Und was ist das andere Attribut?

Prof. Antonella Giannone kommt aus Italien und lehrt seit dem letzten Sommer an der Kunsthochschule Weißensee.
Prof. Antonella Giannone kommt aus Italien und lehrt seit dem letzten Sommer an der Kunsthochschule Weißensee.

© promo

In nun klassisch gewordenen Modetheorien heißt es mehr oder weniger, dass in der Mode zwei entgegen gesetzte Kräfte aktiv sind: Auf der einen Seite steht die Distinktion, das Bestreben, anders zu sein -- und auf der anderen Seite der Wunsch nach Nachahmung. Das klingt zwar ambivalent, aber deswegen möchten Designer ihre Kreationen zum Teil exklusiv zeigen, aber auch verbreiten.

Indem sie Kollektionen für H & M entwerfen.

Ja, das ist eine Strategie, um Kleidungsstücke an eine neue Zielgruppe und damit an ein größeres Publikum zu verkaufen. Die Demokratisierung der Mode existiert zwar schon seit längerem, aber das Internet bietet in diese Richtung unendlich viele Möglichkeiten.

Über Blogger haben wir schon gesprochen. Woran denken Sie dabei noch?

Es kommen neue Orte wie etwa China dazu, die traditionelle Modezentren in der westlichen Welt herausfordern. Durch Livestreams können sich viel mehr Menschen über die kommenden Kollektionen informieren - und das Tempo hat sich wahnsinnig beschleunigt. Trends sind zur Augenblicksache geworden. Die jetzige Periodizität von Kollektionen und Fashion Weeks ist daher nur noch ein Ritual. Mit den realen Zeiten der Mode hat das nichts mehr zu tun.

Die Liberalisierung hat doch aber auch etwas Gutes.

Auf jeden Fall! Durch die Transparenz, die traditionelle und neue Medien schaffen, werden endlich viele Missstände diskutiert. Man denke allein an die Arbeitsbedingungen, die in vielen Ländern herrschen, wo die exklusive Mode billig produziert wird. Zu diesen Ländern gehört selbst Italien zum Teil dazu! Heute aber werden Designer und Modehäuser mit der Frage nach ihren Produktionsorten und Lieferketten konfrontiert.

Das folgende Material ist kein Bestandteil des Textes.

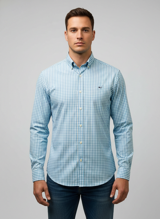 Camisa de botones Vineyard Vines 🐳 Performance de cuadros en color celeste y blanco Talla S Entalle Regular

Eine andere Geschichte ist das Thema Nachhaltigkeit…

Per Definition ist Mode überhaupt nicht nachhaltig, weil sie schnell wieder verschwindet, damit etwas Neues entstehen kann. Die Herausforderung für die Designer könnte heute gerade die sein, nachhaltig und modisch zu sein. Zum einen interessiert sich die Gesellschaft immer mehr dafür und zum anderen zeigen Kreative im Internet, wie Nachhaltigkeit in der Mode funktionieren kann. Mode braucht wahrscheinlich neue Definitionen! Generell passiert meiner Meinung nach aber noch zu wenig bei ethischen Fragen.

Die Mode schleicht der heutigen Zeit also hinterher?

Manchmal gibt die Mode einen Impuls, auf den die Gesellschaft reagiert und manchmal reagiert die Mode auf eine neue Entwicklung. Mein Eindruck ist, dass etablierte Designer und große Labels momentan Schwierigkeiten haben, mit den Trends, die im Internet entstehen, Schritt zu halten.

Im Gegensatz zu den Bloggern.

Sagen wir es so: In der geschwiegenen Sprache der Szene heißt es, dass diejenige, die in der ersten Reihe der Fashion Shows sitzen, die wichtigsten sind. Heute sitzen dort mehr Blogger als Fachjournalisten. Das sagt viel über den aktuellen Wandel aus.

Prof. Antonella Giannone kommt aus Italien und lehrt seit dem letzten Sommer an der Kunsthochschule Weißensee. Dort hält sie Vorlesungen über die Theorie und Geschichte der Mode.